With spring approaching it’s the time of year when folks are contemplating pulling their boats out of storage in anticipation of Spring paddling. The ice may still be on your local lake, but that doesn’t mean you can’t get everything ready to go before the water opens.
The first task is to collect all your gear (paddles, PFD’s, dry bags, immersion clothing, and all the required safety equipment). If you’re anything like me, this may be more challenging than it should be with things strewn here, there, and everywhere.
Which leads us to the first pre-season tune-up tip: get your gear organized.
- A check list ensures you’ve got all the necessary items or identifies any piece that has gone missing and needs replacing
- Inspect PFD’s, spray skirts, paddling clothing, etc… for tears, rips, and other damage – patch or replace as needed
- Air out dry bags, booties, gloves, and other clothing that may have been put away damp – clean using a mold remover if necessary
- Replace batteries in electronics, test your flashlight, and make sure your throw bag rope is properly coiled
Once all your gear is accounted for, the next priority is your boat.
After pulling your canoe or kayak out of storage, give it a thorough cleaning to remove any grim left from last season’s adventures or dust that’s accumulated over the winter. Not only does it bring back the luster and beauty of your boat, but it helps you easily locate any small spider cracks in gel-coat (for composite constructions) that you may have missed in the Fall.
Should you uncover any dings, now is the time to fix them in order to prevent any missed time on the water. Gel-coat repairs, patching holes, or reinforcing compromised cloth are relatively easy and can be done on your own; to learn more about doing minor repairs yourself, check out the articles Canoe Maintenance & Storage and Kayak Maintenance & Storage. For major repairs, contact us to learn about our off-site repair technician.
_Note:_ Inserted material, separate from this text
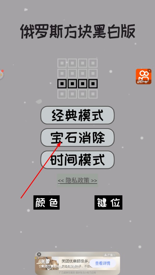 1、进入《经典俄罗斯方块黑白》选择【宝石消除】模式。

Here are a few other tune-up tips relating to your boat:
- Open hatch lids to allow the compartments to air out – clean with a mold remover if necessary
- Inspect hatch lids for cracks and suppleness – apply 303 Protectant to ‘soften’ up the covers and prevent cracks / replace if necessary
- Check functionality of skeg / rudder controls – repair if needed
- Be conscious of temperature if conducting gel-coat or cloth repairs out side or in an unheated space – resin and gel-coat does not set-up properly if it is cooler than 10˚ Celsius
Lastly, it’s important to prepare your body for paddling and not just your equipment. If you find yourself hunkered down for most of the off-season, tuning up your fitness will go a long way to improving the experience of your first couple of trips. It will help prevent injury, reduce fatigue, and allow you to stay on the water longer during the inaugural outing.
- Ease into a simple workout regime to up your cardio and strength
- Participate in a few yoga classes to improve flexibility and strengthen your core
- Stay limber by taking part in activities such as that activate your paddling muscles
- Start off slow and increase the difficulty of your sessions as the start of the paddling season gets closer
Now get out paddling!
If there’s open water nearby and you have the skill and proper equipment for cold water paddling, then get a head-start on the paddling season. That said, be sure to exercise caution and don’t exceed your abilities; safety is paramount in paddling, and that’s even more true when it comes to being on the water in the late winter.